## YOUR OBJECTIVE
Write out again, exactly as they appear, the lines from the start of the data below through the line with "MENS FRUIT OF"; no pictures.

## RECORDED DATA
<<<<
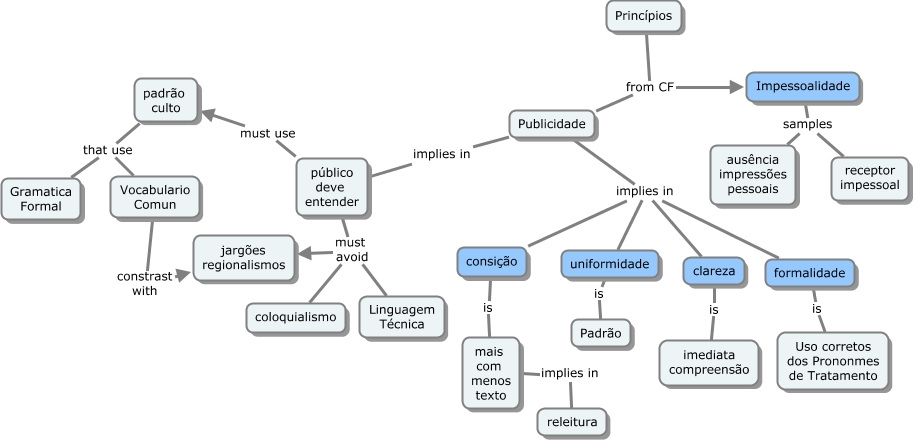 Esse mapa conceitual, produzido no IHMC CmapTools, tem a informação relacionada a: Principios, Princípios from CF Publicidade, Publicidade implies in clareza, Princípios from CF Impessoalidade, público deve entender must avoid coloquialismo, padrão culto that use Gramatica Formal, Publicidade implies in público deve entender, consição is mais com menos texto, público deve entender must avoid jargões regionalismos, Publicidade implies in formalidade, mais com menos texto implies in releitura, Vocabulario Comun constrast with jargões regionalismos, Impessoalidade samples ausência impressões pessoais, formalidade is Uso corretos dos Prononmes de Tratamento, clareza is imediata compreensão, Publicidade implies in uniformidade, padrão culto that use Vocabulario Comun, Impessoalidade samples receptor impessoal, público deve entender must avoid Linguagem Técnica, uniformidade is Padrão, Publicidade implies in consição
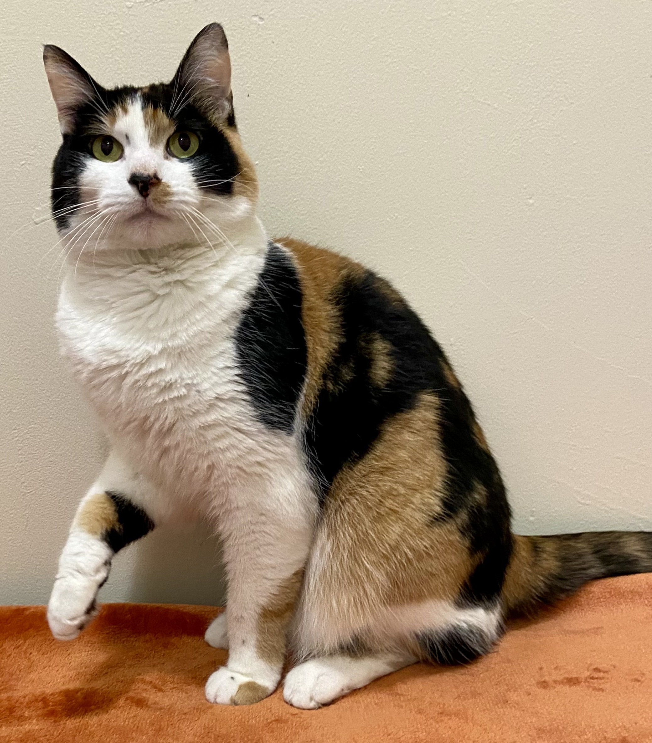 I’m a sweet and loving short hair calico girl with a gentle heart. I was rescued from outside, and before coming into rescue I did an amazing job raising my kittens and taking such good care of them until they were ready to be adopted. Now that my babies are grown, it’s finally my turn to find a safe, loving home of my own.
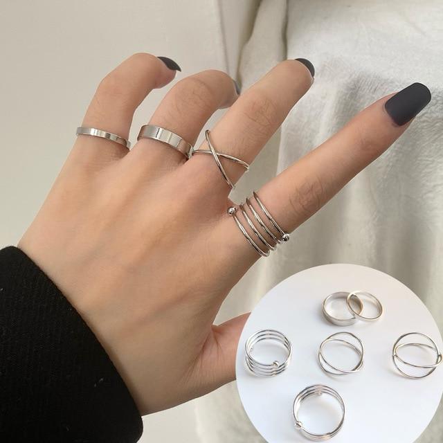 Fashion Jewelry Rings Set Hot Selling Metal Alloy Hollow Round Opening Women Finger Ring For Girl Lady Party Wedding Gifts
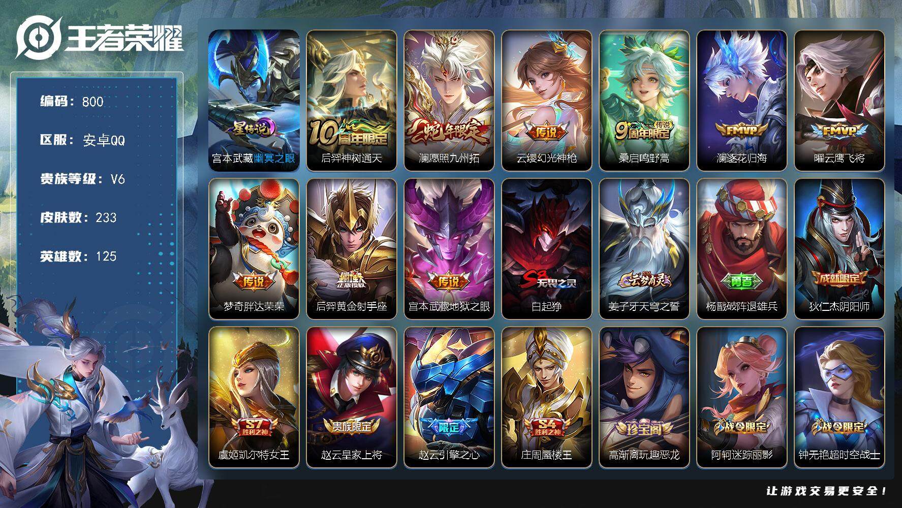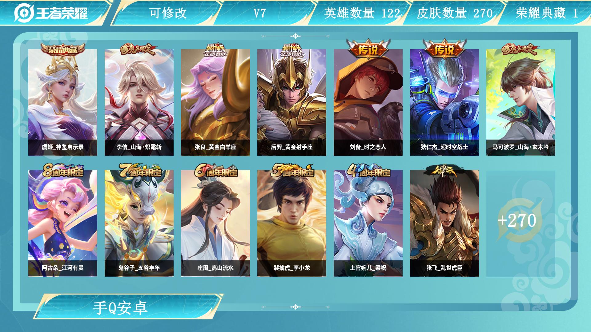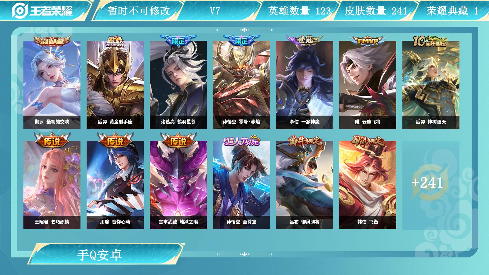 安卓QQ-2典藏-3传说-183皮肤-125英雄-至尊星耀-
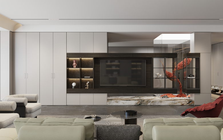奶白色背板搭配深色开放格,轻松打造高级感电视背景墙;底部悬空放置植物与摆件,让业主在闲暇之余,感受到空间带来的呼吸感。
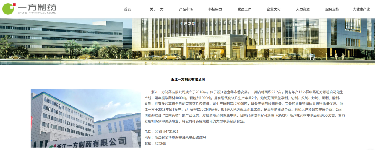 一方制藥官網(wǎng)(wǎng)介紹,浙江一方制藥有限公司成立于2016年,位于浙江省金華市磐安縣,公司于2018年5月投產(chǎn)(chǎn),7月獲得飲片GMP證書(shū),9月進(jìn)(jìn)入地方規(guī)上企業(yè)(yè)名單,是當(dāng)?shù)氐闹攸c(diǎn)(diǎn)企業(yè)(yè)、納稅大戶(hù)和誠實(shí)(shí)守信企業(yè)(yè)。天眼查顯示,國藥集團(tuán)香港有限公司為浙江一方制藥有限公司實(shí)(shí)控人。
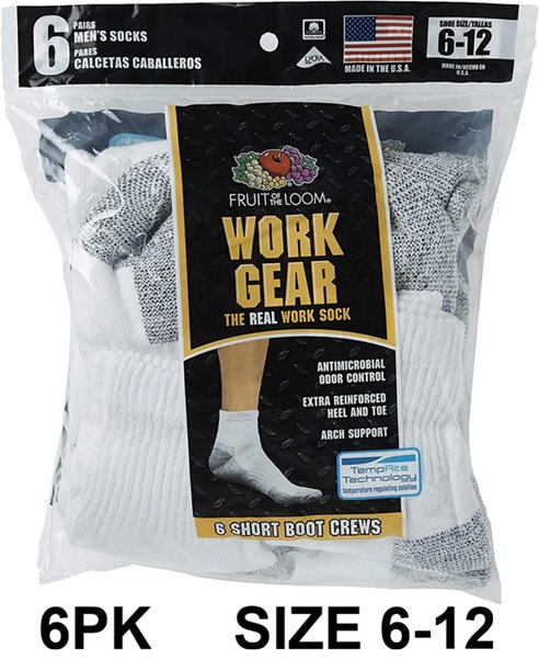 MENS FRUIT OF THE LOOM WORK GEAR CREW SOCKS - SIZE 6-12 - WHITE/GREY (STYLE: M8001W6US)
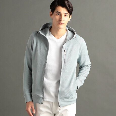 首元までしっかりと立つフードがポイント。光沢あるムッシュニコルオリジナルジップを採用。フロント部分は、ダブルジップ仕様で、気分に合わせてフォルムを変える事が可能。
>>>>
## OUTPUT FOR THIS EXERCISE
 Esse mapa conceitual, produzido no IHMC CmapTools, tem a informação relacionada a: Principios, Princípios from CF Publicidade, Publicidade implies in clareza, Princípios from CF Impessoalidade, público deve entender must avoid coloquialismo, padrão culto that use Gramatica Formal, Publicidade implies in público deve entender, consição is mais com menos texto, público deve entender must avoid jargões regionalismos, Publicidade implies in formalidade, mais com menos texto implies in releitura, Vocabulario Comun constrast with jargões regionalismos, Impessoalidade samples ausência impressões pessoais, formalidade is Uso corretos dos Prononmes de Tratamento, clareza is imediata compreensão, Publicidade implies in uniformidade, padrão culto that use Vocabulario Comun, Impessoalidade samples receptor impessoal, público deve entender must avoid Linguagem Técnica, uniformidade is Padrão, Publicidade implies in consição
 I’m a sweet and loving short hair calico girl with a gentle heart. I was rescued from outside, and before coming into rescue I did an amazing job raising my kittens and taking such good care of them until they were ready to be adopted. Now that my babies are grown, it’s finally my turn to find a safe, loving home of my own.
 Fashion Jewelry Rings Set Hot Selling Metal Alloy Hollow Round Opening Women Finger Ring For Girl Lady Party Wedding Gifts
 安卓QQ-2典藏-3传说-183皮肤-125英雄-至尊星耀-
奶白色背板搭配深色开放格,轻松打造高级感电视背景墙;底部悬空放置植物与摆件,让业主在闲暇之余,感受到空间带来的呼吸感。
 一方制藥官網(wǎng)(wǎng)介紹,浙江一方制藥有限公司成立于2016年,位于浙江省金華市磐安縣,公司于2018年5月投產(chǎn)(chǎn),7月獲得飲片GMP證書(shū),9月進(jìn)(jìn)入地方規(guī)上企業(yè)(yè)名單,是當(dāng)?shù)氐闹攸c(diǎn)(diǎn)企業(yè)(yè)、納稅大戶(hù)和誠實(shí)(shí)守信企業(yè)(yè)。天眼查顯示,國藥集團(tuán)香港有限公司為浙江一方制藥有限公司實(shí)(shí)控人。
 MENS FRUIT OF THE LOOM WORK GEAR CREW SOCKS - SIZE 6-12 - WHITE/GREY (STYLE: M8001W6US)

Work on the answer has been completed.